### EXERCISE REQUIREMENTS:
To complete this task, print all the data below exactly but leave out the images.
-- Opening Marker --
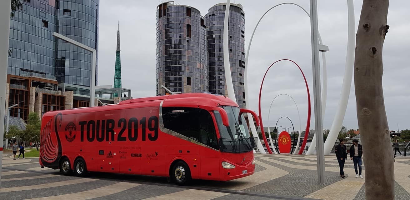BA3126/1: Manchester United's red Perth tour bus at Elizabeth Quay, July 2019
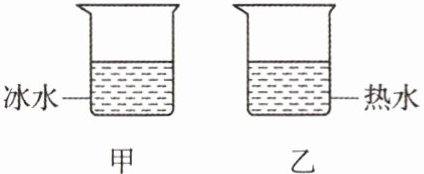 3. 暑假,某同学在两只相同的透明烧杯中分别倒入冰水和热水(如图甲、乙),一会儿发现两只烧杯的杯壁上都出现了小水珠。关于小水珠出现的位置,下列说法正确的是(
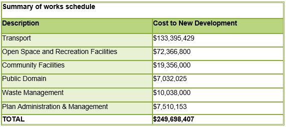 The draft plan aims to levy approximately $250 million in contributions to deliver about $660 million worth of infrastructure and services.
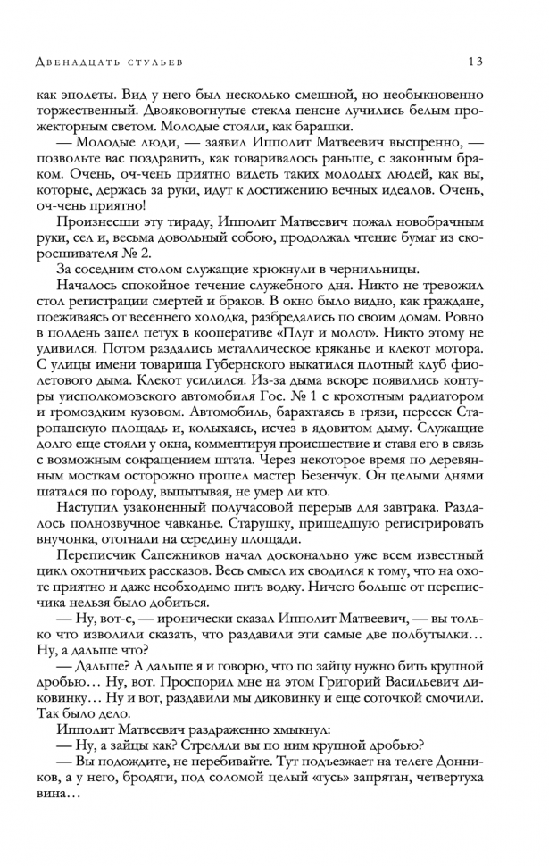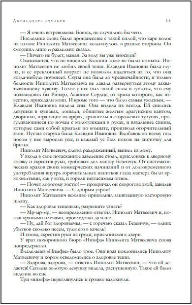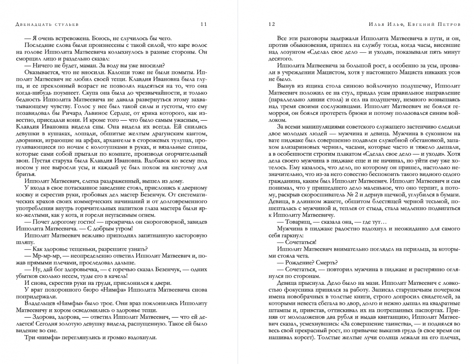 Как здорово, что есть такие коллекционные издания, включающие в себя не одно, а сразу несколько произведений любимых авторов. Похождения Остапа Ибрагимовича сотоварищи можно читать и перечитывать не один раз, это лучшее лекарство от хандры и скуки, я получил огромное удовольствие от чтения. Яркий, острый, меткий язык авторов мастерски высмеивает человеческие пороки и страсти, и не даёт заскучать. Но главный сюрприз этого тома в том, что здесь есть ещё прекрасные произведения - замечательный очерк о путешествии в Америку, написанный опять же с присущими авторам сатирой и юмором, и абсолютно новое для меня произведение о новой Шахерезаде - здесь тоже есть над чем посмеяться, одни говорящие фамилии героев чего стоят. Издание очень качественное, и я рад, что являюсь его обладателем, всем искренне советую.
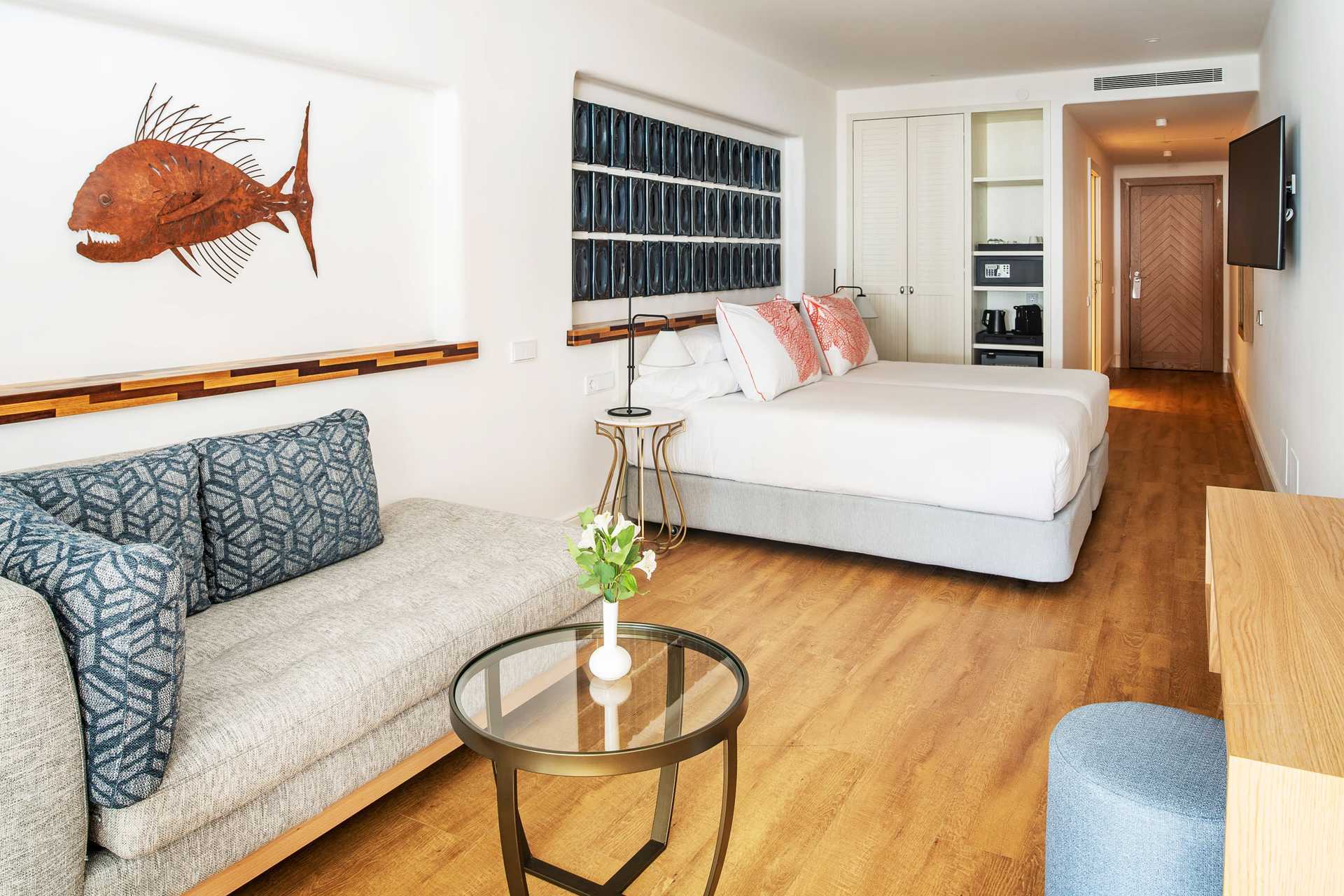 Junior-sviitti, jossa on parveke ja merinäköala. Kaksi yhden hengen sänkyä. Tyynymenu. Maksuton wifi, ilmastointi ja tallelokero. Jääkaappi. Vedenkeitin, kahvia ja teetä. Tv kansainvälisillä kanavilla. Kylpytakit ja tossut. Hiustenkuivain. Suihku ja wc. Siivous 7 krt/viikko.
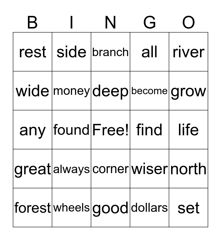 This bingo card has a free space and 24 words: always, wheels, deep, forest, river, rest, wide, side, find, corner, become, any, wiser, north, money, dollars, life, branch, grow, found, set, great, all and good.
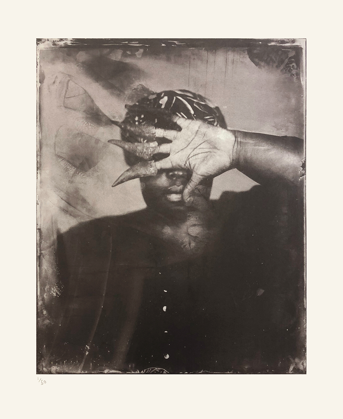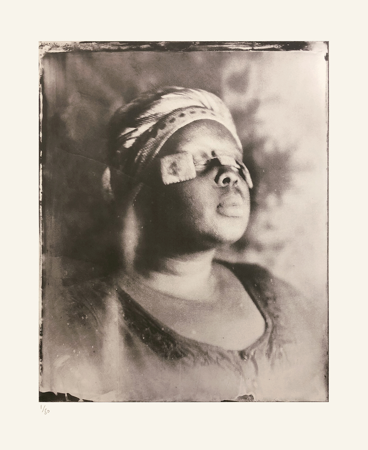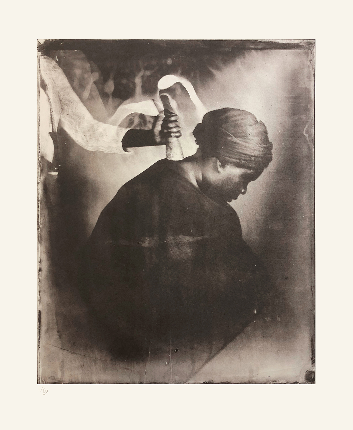 Whilst exploring the notions of Gambian rituals, the process of image making became a ritual in itself. The journey of making wet plate collodion tintypes is unique; no image can be replicated and the final outcome is beyond the creator’s control. Within this process, you surrender yourself to the unknown, similar to what is required by all spiritual higher powers: surrendering and sacrifice. Each tintype has its own unique story to tell, a metaphor for our individual human spiritual journey. The process of submerging the collodion covered plate into a tank of silver nitrate ignites memories of baptisms, the idea of purity and how we cleanse in order to be spiritually sound. The application of the collodion transcends the photographic process; it is a reflection, a physical manifestation of the artist’s subconscious relationship to traditional African spirituality.
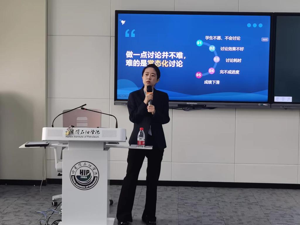 5月28日下午,冰球官网在第一教学楼210智慧教室,举办了“对分课堂”微型工作坊,石油工程学院王瑞副教授主讲,各教学单位近三年入职教师参加了本次工作坊,教师教学发展中心主任李洪华主持本次活动。
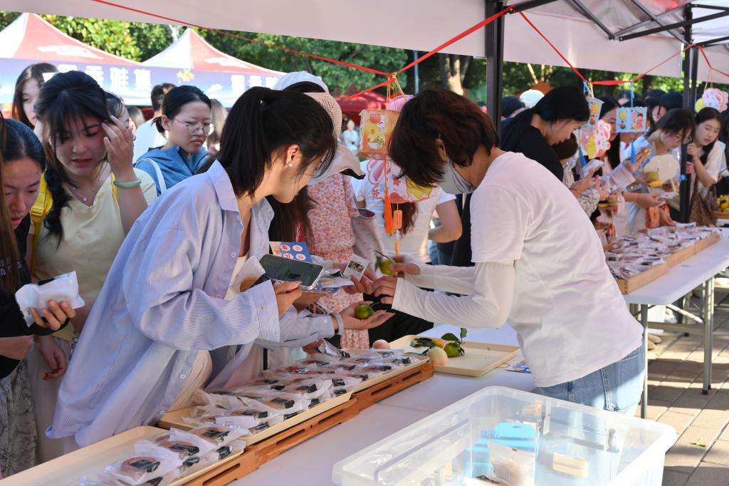 在“墨香雅集”区域,书法爱好者们以笔墨书写美好愿景,创作了一幅幅庆祝中秋佳节的书法佳作。现场设置了互动体验区,在书法教师的指导下,大家一同写下祝福寄语给家人,抒发思乡爱国之情。活动还特别引入了漆扇彩绘,大家通过亲自动手制作漆扇,体验感受中国传统工艺的魅力。在欢声笑语中,师生们纷纷拿出手机在现场拍照留念,并与亲朋好友分享,整个广场洋溢着浓厚的节日气氛。现场还特别定制了带有洛师元素的月饼和水果等节日礼品,在送上节日祝福的同时,让广大师生切实感受到学校的温暖和关怀。
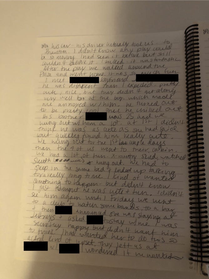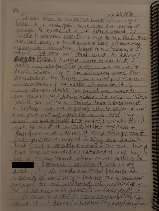 The following are Annie’s redacted journal entries from 1996, released by the DOJ on December 23, 2025. She and her sister Maria have given me permission to name them in these entries.
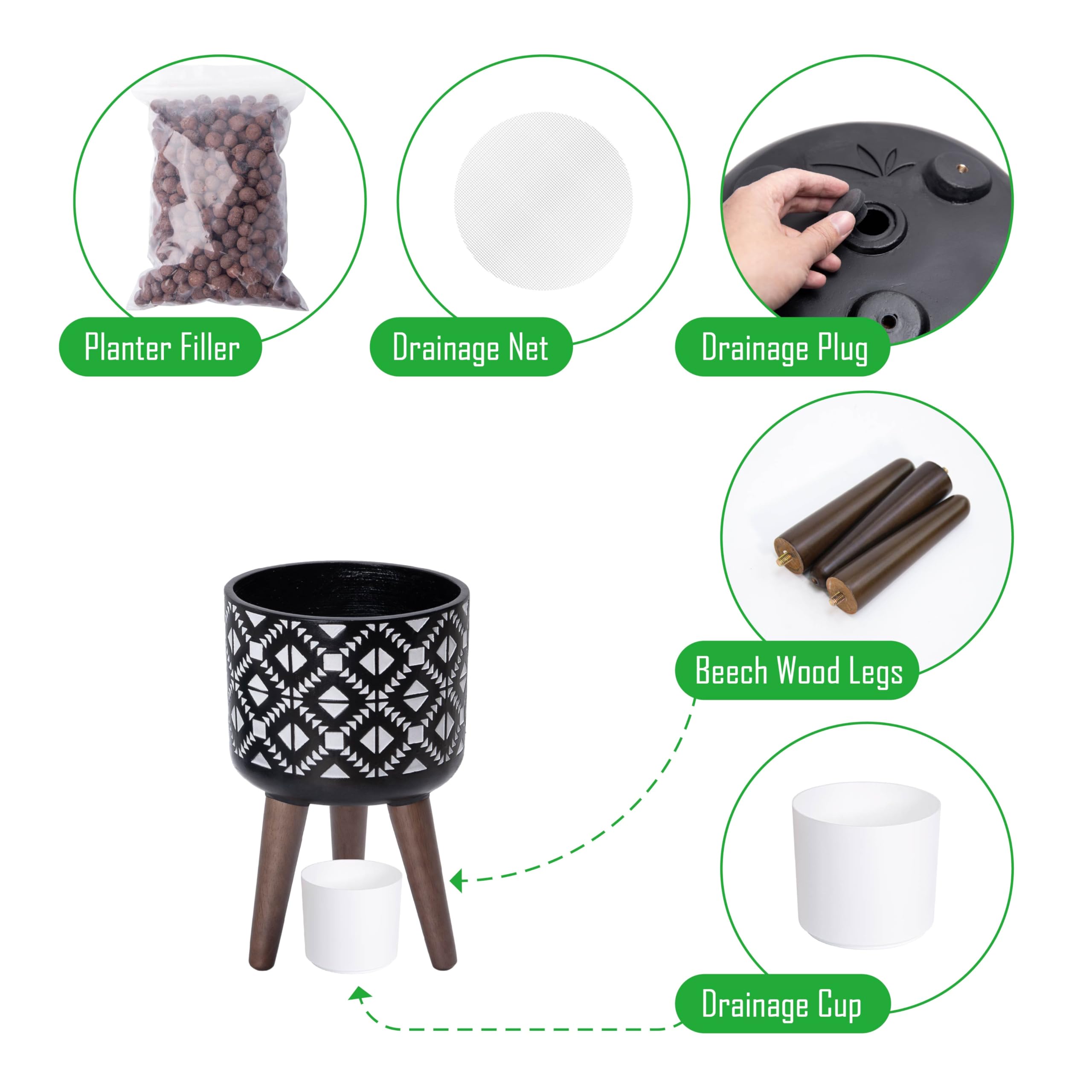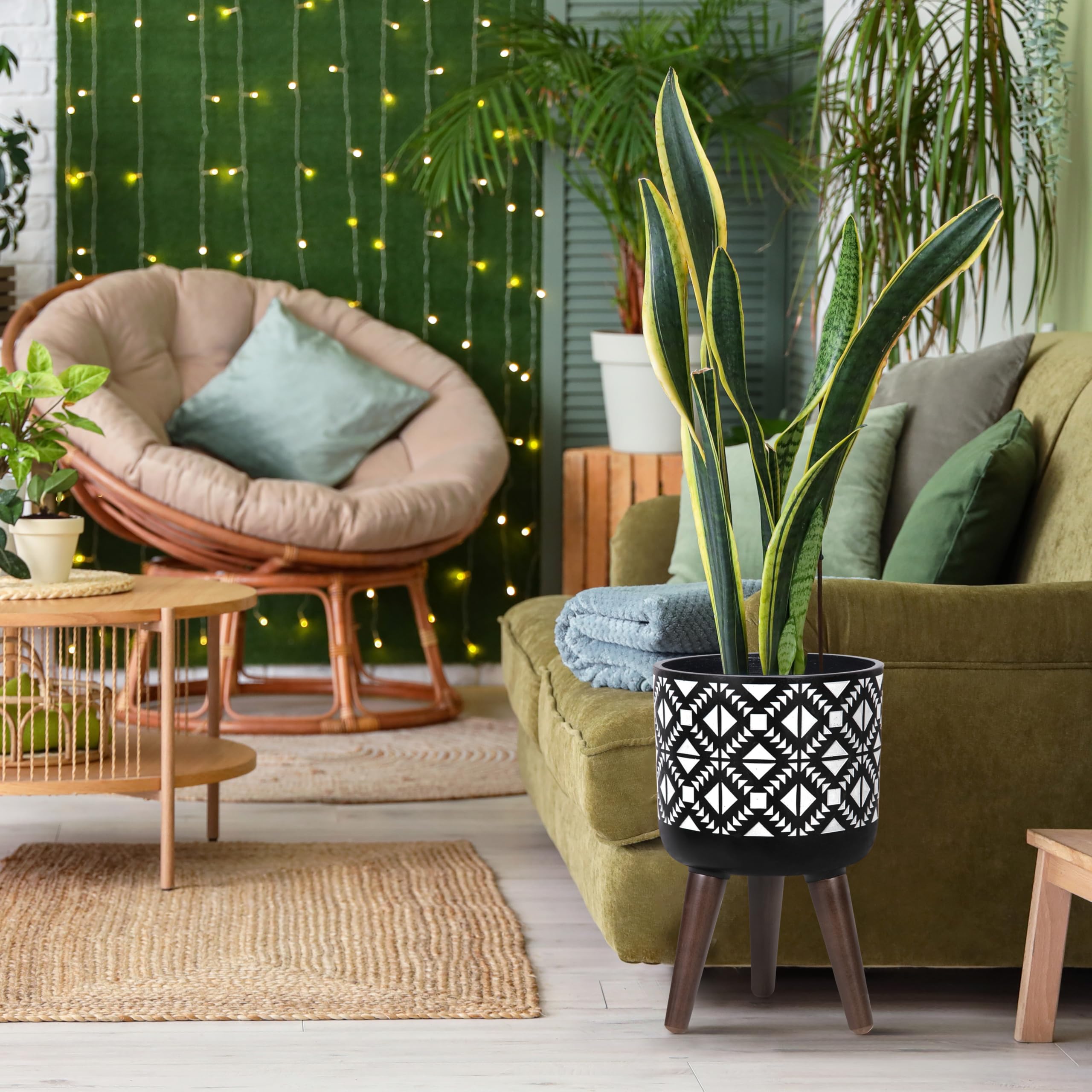 20,3 cm Pflanztopf für den Innenbereich, mit Ständer, geometrischer Übertopf für Pflanzen, klein, grau/weiss.
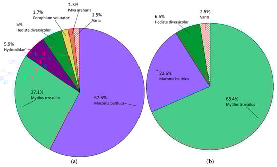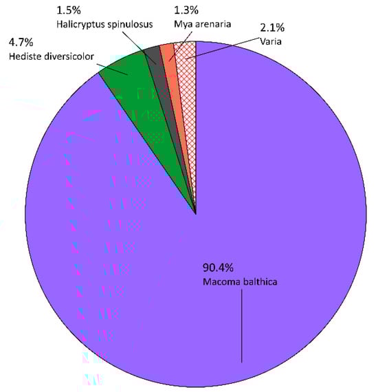 - Warzocha, J. Classification and structure of macrofaunal communities in the southern Baltic. Arch. Fish. Mar. Res. 1995, 42, 225–237. [Google Scholar]
-- Closing Marker --
### EXERCISE ANSWER:
BA3126/1: Manchester United's red Perth tour bus at Elizabeth Quay, July 2019
 3. 暑假,某同学在两只相同的透明烧杯中分别倒入冰水和热水(如图甲、乙),一会儿发现两只烧杯的杯壁上都出现了小水珠。关于小水珠出现的位置,下列说法正确的是(
 The draft plan aims to levy approximately $250 million in contributions to deliver about $660 million worth of infrastructure and services.
 Как здорово, что есть такие коллекционные издания, включающие в себя не одно, а сразу несколько произведений любимых авторов. Похождения Остапа Ибрагимовича сотоварищи можно читать и перечитывать не один раз, это лучшее лекарство от хандры и скуки, я получил огромное удовольствие от чтения. Яркий, острый, меткий язык авторов мастерски высмеивает человеческие пороки и страсти, и не даёт заскучать. Но главный сюрприз этого тома в том, что здесь есть ещё прекрасные произведения - замечательный очерк о путешествии в Америку, написанный опять же с присущими авторам сатирой и юмором, и абсолютно новое для меня произведение о новой Шахерезаде - здесь тоже есть над чем посмеяться, одни говорящие фамилии героев чего стоят. Издание очень качественное, и я рад, что являюсь его обладателем, всем искренне советую.
 Junior-sviitti, jossa on parveke ja merinäköala. Kaksi yhden hengen sänkyä. Tyynymenu. Maksuton wifi, ilmastointi ja tallelokero. Jääkaappi. Vedenkeitin, kahvia ja teetä. Tv kansainvälisillä kanavilla. Kylpytakit ja tossut. Hiustenkuivain. Suihku ja wc. Siivous 7 krt/viikko.
 This bingo card has a free space and 24 words: always, wheels, deep, forest, river, rest, wide, side, find, corner, become, any, wiser, north, money, dollars, life, branch, grow, found, set, great, all and good.
 Whilst exploring the notions of Gambian rituals, the process of image making became a ritual in itself. The journey of making wet plate collodion tintypes is unique; no image can be replicated and the final outcome is beyond the creator’s control. Within this process, you surrender yourself to the unknown, similar to what is required by all spiritual higher powers: surrendering and sacrifice. Each tintype has its own unique story to tell, a metaphor for our individual human spiritual journey. The process of submerging the collodion covered plate into a tank of silver nitrate ignites memories of baptisms, the idea of purity and how we cleanse in order to be spiritually sound. The application of the collodion transcends the photographic process; it is a reflection, a physical manifestation of the artist’s subconscious relationship to traditional African spirituality.
 5月28日下午,冰球官网在第一教学楼210智慧教室,举办了“对分课堂”微型工作坊,石油工程学院王瑞副教授主讲,各教学单位近三年入职教师参加了本次工作坊,教师教学发展中心主任李洪华主持本次活动。
 在“墨香雅集”区域,书法爱好者们以笔墨书写美好愿景,创作了一幅幅庆祝中秋佳节的书法佳作。现场设置了互动体验区,在书法教师的指导下,大家一同写下祝福寄语给家人,抒发思乡爱国之情。活动还特别引入了漆扇彩绘,大家通过亲自动手制作漆扇,体验感受中国传统工艺的魅力。在欢声笑语中,师生们纷纷拿出手机在现场拍照留念,并与亲朋好友分享,整个广场洋溢着浓厚的节日气氛。现场还特别定制了带有洛师元素的月饼和水果等节日礼品,在送上节日祝福的同时,让广大师生切实感受到学校的温暖和关怀。
 The following are Annie’s redacted journal entries from 1996, released by the DOJ on December 23, 2025. She and her sister Maria have given me permission to name them in these entries.
 20,3 cm Pflanztopf für den Innenbereich, mit Ständer, geometrischer Übertopf für Pflanzen, klein, grau/weiss.
 - Warzocha, J. Classification and structure of macrofaunal communities in the southern Baltic. Arch. Fish. Mar. Res. 1995, 42, 225–237. [Google Scholar]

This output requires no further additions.